Lumi — Emotionally Intelligent Voice Concierge
Team led by a Contrivance Inc software engineer with USF and CUNY degrees, specializing in multimodal AI, Spring Boot, and pgvector-based RAG pipelines.
YouTube Video
Project Description
Lumi is an emotion-aware voice concierge for a fictional luxury hotel, The Lumen. It hears HOW a guest speaks — not just the words — and responds differently because of what it heard.
EMOTIONAL ACCURACY: A real acoustic pipeline reads emotion from the voice itself (emotion2vec+ embeddings + openSMILE prosody) and fuses it with a lexical read from an LLM into a Valence-Arousal-Dominance (V-A-D) state. Crucially, Lumi distinguishes service-anger from genuine distress — anger triggers de-escalation and service recovery, while real distress trips a safety guardrail — proving we model emotion, not keywords.

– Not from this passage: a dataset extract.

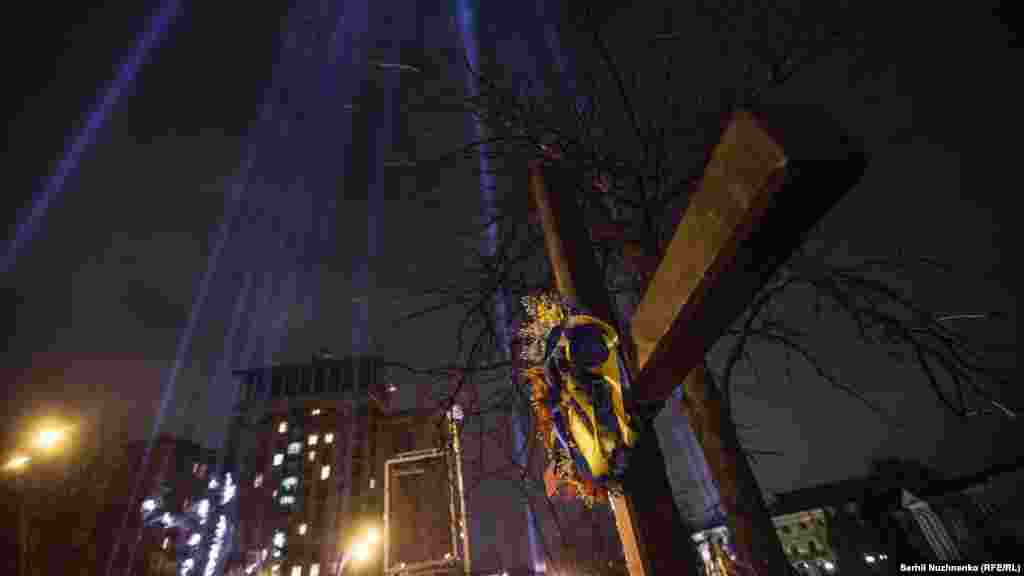 20 лютого у Києві проходить день вшанування пам’яті Героїв Небесної сотні. Сотні киян та гостей столиці прийшли до меморіалу Небесній сотні, щоб запалити свічки, покласти квіти та помолитися. Окрім цього, як і минулого року, у небі з’явилися 104 промені, які світять з тих місць, де загинули учасники Революції гідності. (Фото: Сергій Нужненко)
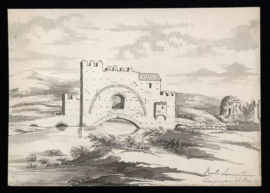 Elizabeth Campbell (1783-1861) Watercolour Painting - Ponte Lamentano, Campagna, Rome Italy

REAL-TIME ADAPTATION: Per turn, the detected emotion drives tone, pacing, word choice, on-screen media, and escalation strategy. A V-A-D trajectory tracks the guest’s emotional arc across a multi-turn conversation (e.g. anxious → angry → relieved → happy) and the reply is spoken back inline. A tiered fallback ladder (model → DSP heuristic → manual toggle) keeps it reliable end-to-end.
MULTILINGUAL: Expressive replies are voiced with ElevenLabs Flash v2.5, which supports multilingual, low-latency speech, with stability/style voice_settings selected by the detected emotion for genuine expressive range.
CREATIVE EXPRESSION: Emotion is a first-class output — voice settings, emotion-gated food/venue media tiles, a live emotional-trajectory visualization, and a red-alert safety mode are all driven by the acoustic read. An evaluation dashboard proves the system reacts to tone, not words (text flatlines while the acoustic signal tracks emotion).
TECHNOLOGIES: ElevenLabs (Flash v2.5 expressive TTS + Voice Design); emotion2vec+ and openSMILE for acoustic emotion/prosody; faster-whisper STT; qwen3 LLM via Ollama for tone-adapted replies; FastAPI inference service on GPU; browser mic capture + web UI SearXNG for media
Prior Work
None. All code, design, and the emotion pipeline were built during the hackathon. The project borrows only already-running open-source models (Ollama/qwen3) on a personal GPU server, read-only, as inference infrastructure.